Dénonciation de violences et de destructions

Le député a évoqué des scènes de brutalité à l’encontre d’étudiants ainsi que des actes de destruction de matériels universitaires. À ses yeux, ces agissements témoignent d’une « haine » et d’une « cruauté » incompatibles avec les missions régaliennes des forces de défense et de sécurité (FDS). Il appelle à une clarification des responsabilités et à des sanctions en cas de manquements avérés.

Situation sociale au sein des forces de sécurité

Au-delà des événements survenus à l’UCAD, Guy Marius Sagna a élargi son intervention à la situation interne des forces de sécurité. Il a notamment évoqué la 49e promotion de police, qui, selon lui, ferait face à des difficultés liées au paiement des salaires.

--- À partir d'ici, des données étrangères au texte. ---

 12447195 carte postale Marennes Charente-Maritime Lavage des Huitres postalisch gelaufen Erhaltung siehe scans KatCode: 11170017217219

Le parlementaire a également mentionné le cas de neuf policières dont les postes seraient menacés en raison de leur grossesse, dénonçant des pratiques qu’il juge contraires aux droits fondamentaux des travailleuses.

Appel à une réforme et à la fin de l’impunité

Pour l’élu, « la défense des droits des forces de sécurité et celle des étudiants doivent être menées simultanément ». Il estime qu’aucune intervention sécuritaire ne doit s’effectuer au détriment des libertés fondamentales ni de l’intégrité physique des citoyens.

Enfin, il a plaidé pour une réforme en profondeur de la formation et de l’encadrement des forces de l’ordre. Selon lui, « certains agents se sentent protégés par l’impunité », ce qui favoriserait des comportements violents et abusifs. Il appelle ainsi les autorités à tirer les leçons des événements récents afin de prévenir leur répétition et de restaurer durablement la confiance entre les populations et les forces de sécurité.